Hello,
I am computer science student and trying to work on BioMedical data and learning and applying the Bioinformatics techniques.
I have ChipSEQ data generated by my lab , of histone modification , H3k27me3, with three different samples I have applied the whole pipeline and able to call peaks as well using MACS2. the peaks shown in the results are as expected that the sample that is expected to show the highest number of peaks and the one who should show less , is accordingly.
But when I am doing the downstream analysis using Chipseeker and following the vignette the frequency plot is showing almost similar number of peaks where as the number of peaks in the excel peak file in th e MASC2 results shows 194577 and 48752 peaks respectively The code that I am using for Chipseeker is
promoter <- getPromoters(TxDb=txdb, upstream=3000, downstream=3000)
tagMatrixList <- lapply(files, getTagMatrix, windows=promoter)

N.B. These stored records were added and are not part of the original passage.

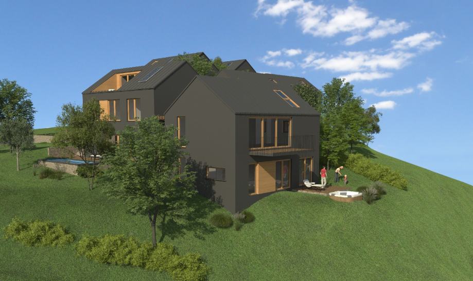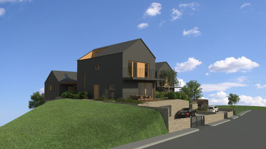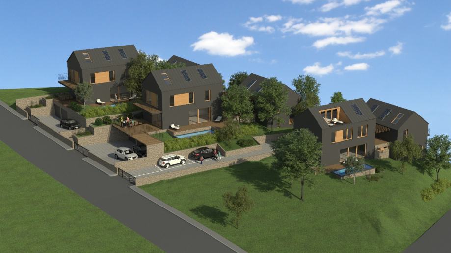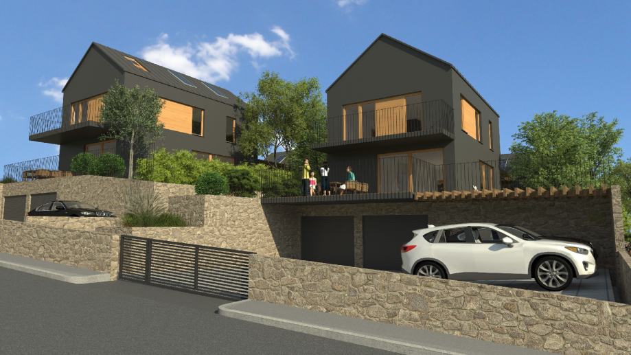 Projektirano protupotresno, energetski razred A+. Kuća se sastoje od podruma, prizemlja, kata, galerije i potkrovlja, ukupne površine 220 m2. Kuća ima svoj vrt, bazen te vanjsku kuhinju i terase. U podrumu su predviđena spremišta, garažna mjesta s direktnim pristupom kući.
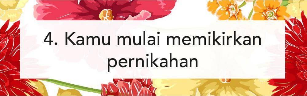 Tapi kalau kamu sudah selalu memikirkan pernikahan dengannya, tandanya kamu sudah siap dengannya untuk menjalani hubungan yang lebih serius lagi. Kamu sudah membayangkan kapasitas pasangan kamu ketika menjadi seorang pemimpin keluargamu nanti.
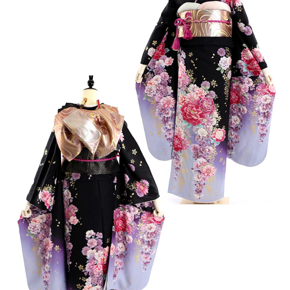 黒地に華やかな牡丹が印象的な古典振袖です。
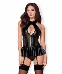 Gorset zapinany jest wokoł szyi, co zapewnia stabilność podczas noszenia, a rozkloszowany doł wprowadza lekkość i kobiecą finezję do całej stylizacji. Regulowane i odpinane paski do pończoch pozwalają na dowolną aranżację zestawu z wybranymi dodatkami. W komplecie znajdują się także dopasowane figi typu string.
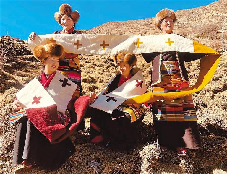 合作社女工展示編織好的藏式手工藝品。文/圖 記者 劉楓 王珊 通訊員 洛松江澤
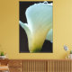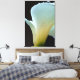Ett närfoto fångar den ömtåliga skönheten hos en calla lily. Blomens petal, en blek, halvgenomskinlig vit med subtila gulter undertoner, kurvor på ett skonsamt sätt. Bra, parallellt med linjer springa längs dess yta, som lägger till struktur och djup. Tydliga droppar från vatten som klamrar sig fast vid petalns kant och reflekterar ljus. Bakgrunden är en mörk, ett fast färg, som accentuerar blommans form och färg.

plotAvgProf(tagMatrixList, xlim=c(-3000, 3000), conf=0.95,resample=500, facet="row")
MACS2 command that's I am using
macs2 callpeak -t treatedfle.bam -c inputfile.bam --gsize 3.0e9 --bdg --broad --broad-cutoff 0.1 --nomodel --extsize 125 --name treated_ --outdir /home/labs/chip/
Any help or suggestions are welcome.
Hi,
How do you observe the number of peaks using the frequency plot / average profile ?
Could you show the plot?
This is the peak count frequency plot that I am referring to , the first sampleis supposed to have the least number of peaks but its frequency is highest .. Am I interpretting it wrong ?
The y-axis is peak count frequency not peak numbers. I tried to understand it through the R script of plotAvgProf. The peak count frequency is calculated for each sample separately (using apply fn). Then collated together using facet. The profile plot is telling you distribution of peaks around TSS +/- 1kb with y-axis limits ranging upto 0.0007. If any of your samples has peaks with higher frequency at any given genomic site the scale i.e y-limit will increase. Also the number you mentioned about peaks are not so low even they are too much different. So while calculating the frequency you might get a range of y-axis which is same.
Thankyou so much Ankit for your detailed answer.
hello , I have another query related to this , the data that I am analysing was previously analyzed too and those results indicate that there is dip in the TSS region where is mine are showing the highest at TSS , can you suggest what could be the reason ? I would really appreciate your response
what is your txdb?
can you explain your experiment in detail?